W oczekiwaniu na artykuł Cezarego Chełchowskiego w Biuletynie Numizmatycznym o pochodzeniu półtoraków z hakami postanowiłem trochę "rozruszać" ten temat.
Jak wiadomo, półtoraki te bito w 1614-1618 na pewno nie w Krakowie. Pisałem o tym m.in. ja (w 10 numerze Biuletynu Informacyjnego TPZN: http://info.tpzn.pl/bi.php), a także inni (http://blognumizmatyczny.pl/2022/04/19/poltoraki-z-hakami-1614-1618-mennica-wschowska-i-znak-mincerski-jerzego-scholtza/), więc odsyłam do linków. W biuletynie na stronach 52-67 w moim odczuciu Kraków to blaga wymyślona przez pana Gumowskiego a potem na zasadzie "cytowania" powielana przez kolejnych autorów. Oczywiście łatwiej wykluczyć, trudniej jednoznacznie przypisać gdzie były wybijane. Ale o tym kiedy indziej.

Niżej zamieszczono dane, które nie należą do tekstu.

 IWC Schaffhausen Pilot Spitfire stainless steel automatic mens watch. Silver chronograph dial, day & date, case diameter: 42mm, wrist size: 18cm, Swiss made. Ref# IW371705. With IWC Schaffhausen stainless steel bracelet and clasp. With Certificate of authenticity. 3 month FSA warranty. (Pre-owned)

Dzisiaj postanowiłem trochę "uporządkować" ten nominał. Ogólnie nie powinno być to trudne z uwagi na bardzo ograniczoną liczbę typów/odmian, które często ładnie "nachodzą" na siebie, aczkolwiek nie dam sobie ręki uciąć, ze jest to na 100% prawidłowa analiza. Jeżeli ktoś ma jakieś uwagi, proszę pisać.

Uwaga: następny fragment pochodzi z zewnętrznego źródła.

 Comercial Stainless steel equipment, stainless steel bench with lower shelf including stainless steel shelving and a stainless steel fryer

Dla ułatwienia dyskusji oznaczyłem każdy typ/odmianę konkretnym numerem. Nadal tam jest K od tego nieszczęsnego Krakowa ale narazie niech będzie. Zdaję sobie sprawę, że grafiki są duże i mogą być problemy z ich wyświetlaniem (zawsze można grafikę otworzyć w osobnej karcie przeglądarki).
Otóż na początku w 1614 roku były Orły. Można przypuszczać, że pierwszy typ to był K14-1 z przerywaną obwódką na awersie. Poza tym mamy miks - orzeł z krótszymi piórami (jak w K14-2b) i krzyż leżący (jak w K14-2a). Rewers za to klasyczny, który przetrwał niezmieniony przez cały okres wybijania 'orłów'. Dalsze odmiany oznaczone jako K14-2a i K14-2b oprócz awersów różniących się orłami i krzyżem nad nimi nie wnoszą nic nowego. Można przypuszczać, że były wybijane równolegle.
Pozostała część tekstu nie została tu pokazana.